Step 7b: Join 2013 ACS Block-Group Demographics into Master

Overview

Pulls 2013 American Community Survey (5-year) demographic data at the census block-group level for the eastern NC study area, spatial-joins each parcel to its containing block group via centroid, and appends the demographic columns to parcels_master.gpkg.

Inputs:

parcels_master.gpkg (Step 7 output)
2013 ACS 5-year estimates via tidycensus
2010 block-group TIGER polygons via tigris (2013 ACS uses 2010 census geography)

Outputs:

parcels_master.gpkg updated in-place with new bg_* columns
acs_bg_2013_nc.gpkg — standalone block-group layer with demographics for future use
acs_corelogic_value_comparison.csv — diagnostic comparing CoreLogic median TVC to ACS median home value per block group

In [1]:

Show / hide code

library(sf)

Linking to GEOS 3.12.0, GDAL 3.11.0, PROJ 9.2.1; sf_use_s2() is TRUE

Show / hide code

library(dplyr)


Attaching package: 'dplyr'

The following objects are masked from 'package:stats':

    filter, lag

The following objects are masked from 'package:base':

    intersect, setdiff, setequal, union

Show / hide code

library(readr)
library(tigris)

To enable caching of data, set `options(tigris_use_cache = TRUE)`
in your R script or .Rprofile.

Show / hide code

library(tidycensus)
library(stringr)
library(tidyr)
options(tigris_use_cache = TRUE)

In [2]:

Show / hide code

out_dir     <- "/proj/mhinolab/users/rbless/data/Obstacles_Output"
master_path <- file.path(out_dir, "parcels_master.gpkg")
bg_out_path <- file.path(out_dir, "acs_bg_2013_nc.gpkg")
cmp_out_path <- file.path(out_dir, "acs_corelogic_value_comparison.csv")

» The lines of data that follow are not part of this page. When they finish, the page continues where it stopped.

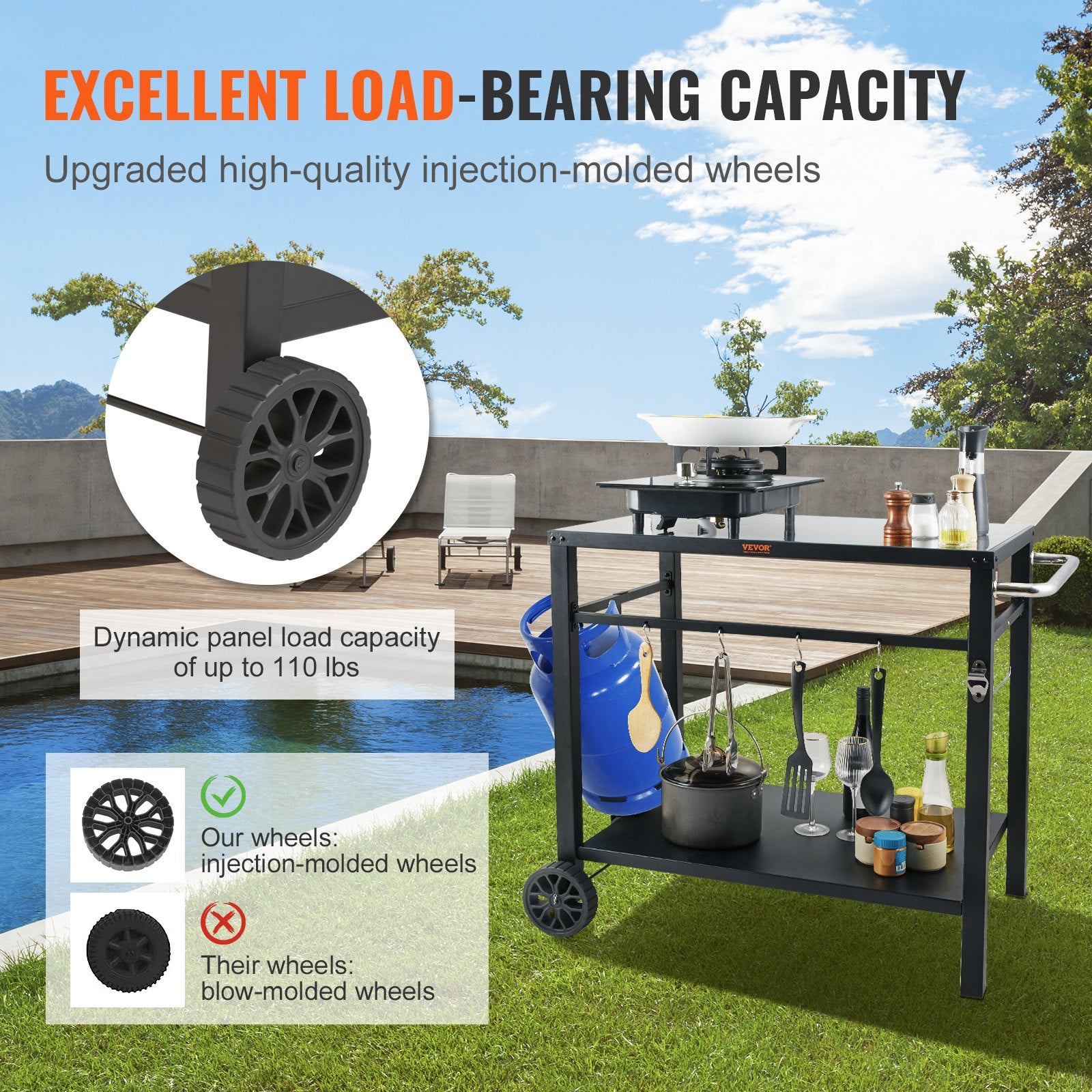 VEVOR Outdoor Grill Dining Cart with Double-Shelf, 85*55cm BBQ Movable Food Prep Table, Multifunctional Iron Table Top, Portable Modular Carts for Pizza Oven, Worktable with 2 Wheels, Carry Handle, Black
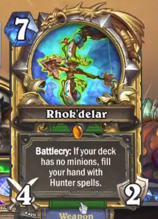 I actually have no problem with the idea of a new hunter condition for cards and not having any minions was interesting, but why are those cards this awfully costed? This is build your deck a certain way, wait till turn 7 (or until you will have drawn all minions, which will take a while, because Hunters have no draw) then equip a 4 attack weapon and better have an empty hand to gain random hunter spells. It is a legendary weapon with a huge deckbuilding restriction, but it won't actually win you the game, because Hunter spells right now are very risky. It could have been this exact card, without the deckbuilding restriction, it could have been a different effect like "Whenever your hero attacks fill your hand will hunter spells". Random Hunter spells wouldn't break Hunter right now. This feels very underwhelming for a legendary weapon. This isn't feeling powerful, this is measly, it isn't even actually meme-y.
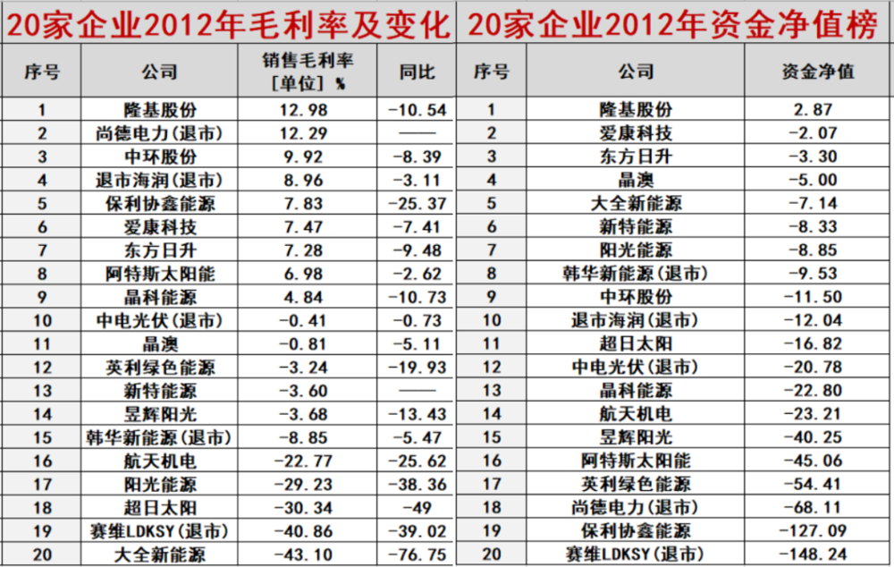 彼时,光伏几乎出现了全行业亏损,数十家光伏上市企业的财报几乎都“很难看”。黑鹰光伏梳理彼时20家代表性规模企业数据发现,无论从营收净利,还是毛利,负债,资金净值、筹资能力等数据维度来看,光伏企业都可谓“压力山大”。(注:以下图表中有关尚德电力数据均为2011年数据)

1 Identify study-area counties

Pull the unique county FIPS codes from parcels_master.gpkg so we only download block groups for counties that contain analysis-sample parcels.

In [3]:

Show / hide code

master_attrs <- st_read(master_path, quiet = TRUE) |>
  st_drop_geometry() |>
  select(parcel_index, cntyfips, cent_lat, cent_lng, fr_1_4, interpolate,
         TOTAL.VALUE.CALCULATED) |>
  mutate(cntyfips = as.character(cntyfips))

study_county_fips <- master_attrs |>
  distinct(cntyfips) |>
  filter(!is.na(cntyfips)) |>
  pull(cntyfips)

# tigris/tidycensus expect 3-digit county codes within a state.
# cntyfips is stored as "37063" (state + county); strip the leading state.
study_counties_3digit <- str_sub(study_county_fips, 3, 5)

cat("Study area counties: ", length(study_counties_3digit), "\n")

Study area counties:  78

Show / hide code

cat(head(study_counties_3digit, 10), "...\n")

001 007 057 059 009 013 061 063 065 067 ...

2 Pull 2013 ACS demographics + block-group geometries

In [4]:

Show / hide code

# B03002 — Hispanic or Latino origin by race (race-ethnicity cross-tab)
# B19013 — Median household income (last 12 months, 2013 inflation-adjusted)
# B25077 — Median value of owner-occupied housing units

acs_vars <- c(
  pop_total          = "B03002_001",
  pop_nh_white       = "B03002_003",
  pop_nh_black       = "B03002_004",
  pop_nh_aian        = "B03002_005",
  pop_nh_asian       = "B03002_006",
  pop_hispanic       = "B03002_012",
  median_income      = "B19013_001",
  median_home_value  = "B25077_001"
)

In [5]:

Show / hide code

# Pull all block groups for the study area's counties. tidycensus returns
# a long-format tibble; pivot_wider gives one row per block group.
acs_raw <- get_acs(
  geography = "block group",
  variables = acs_vars,
  state     = "NC",
  county    = study_counties_3digit,
  year      = 2013,
  survey    = "acs5",
  geometry  = TRUE,
  output    = "wide",
  cache_table = TRUE
)

Getting data from the 2009-2013 5-year ACS

Show / hide code

cat("Block groups pulled:", nrow(acs_raw), "\n")

Block groups pulled: 5147

In [6]:

Show / hide code

bg_2013 <- acs_raw |>
  st_transform(4326) |>                    # WGS84 to match parcel centroids
  rename_with(\(x) str_remove(x, "E$"),    # drop the "E" suffix on estimates
              ends_with("E")) |>
  mutate(
    bg_geoid             = GEOID,
    bg_pop_total_2013    = pop_total,
    bg_pct_white_2013    = ifelse(pop_total > 0,
                                  pop_nh_white / pop_total * 100, NA_real_),
    bg_pct_black_2013    = ifelse(pop_total > 0,
                                  pop_nh_black / pop_total * 100, NA_real_),
    bg_pct_hispanic_2013 = ifelse(pop_total > 0,
                                  pop_hispanic / pop_total * 100, NA_real_),
    bg_pct_asian_2013    = ifelse(pop_total > 0,
                                  pop_nh_asian / pop_total * 100, NA_real_),
    bg_pct_aian_2013     = ifelse(pop_total > 0,
                                  pop_nh_aian / pop_total * 100, NA_real_),
    bg_median_income_2013 = median_income,
    bg_median_home_value_2013 = median_home_value
  ) |>
  select(bg_geoid,
         starts_with("bg_pop_"),
         starts_with("bg_pct_"),
         starts_with("bg_median_"))

cat("BG demographic summary (NC study area, 2013):\n")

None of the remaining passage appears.